Instructure Claims Hackers Destroyed Stolen Data on 275 Million Users—Experts Don't Buy It
Instructure, the education technology company behind the Canvas learning management system, this week announced an agreement with the ShinyHunters extortion group following a breach that attackers claim exposed data tied to roughly 275 million students, teachers, and staff. The company stated it obtained "digital confirmation of data destruction" and assured affected institutions—nearly 9,000 universities and K-12 schools—that no extortion efforts would follow. Security analysts are not convinced.
"Do I believe they deleted the data? No. They're criminals and scumbags," Allan Liska, a threat intelligence analyst at Recorded Future who tracks ransomware and data-leak operations, told The Register. Liska referenced research by Stanford's Max Smeets describing this dynamic as "The Ransomware Trust Paradox"—the expectation that criminal actors will honor commitments they have every incentive to break. The pattern appears consistent: when organizations pay or negotiate for data deletion, evidence that files were actually destroyed remains scarce.
The incident puts immense pressure on the education sector, which has become a high-value target for threat actors due to the depth of personal and institutional data it holds.
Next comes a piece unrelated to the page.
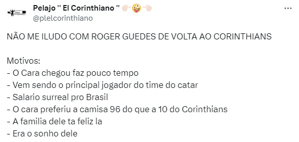 O jornalista ainda diz que o Timão poderia arcar com algo na casa de 10 milhões de euros. Entretanto, os salários de ‘outro mundo’ recebidos por Guedes no Catar dificultam as coisas.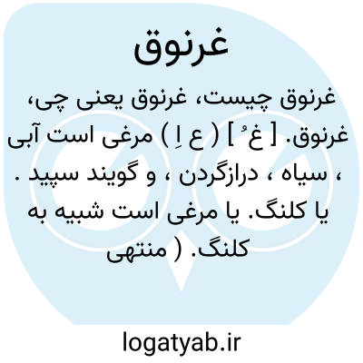 (غُ یا غِ ) [ ع. ] (اِ. ) پرنده ای است از راستة پا بلندان، دارای بال های دراز و ساق های طویل که به فارسی آن را کلنگ خوانند. غِرنیق، غُرنیق، غُرانق، ج. غَرانیق، غَرانق و غَرانقه.

Beyond the immediate privacy risks for millions of individuals, the breach raises questions about Instructure's security posture and the adequacy of protections for sensitive educational records. Whether ShinyHunters actually relinquished the data or retains copies for future leverage remains unknown. Until independent verification emerges, the affected institutions—and the 275 million people whose information may have been compromised—face continued uncertainty about where that data now resides.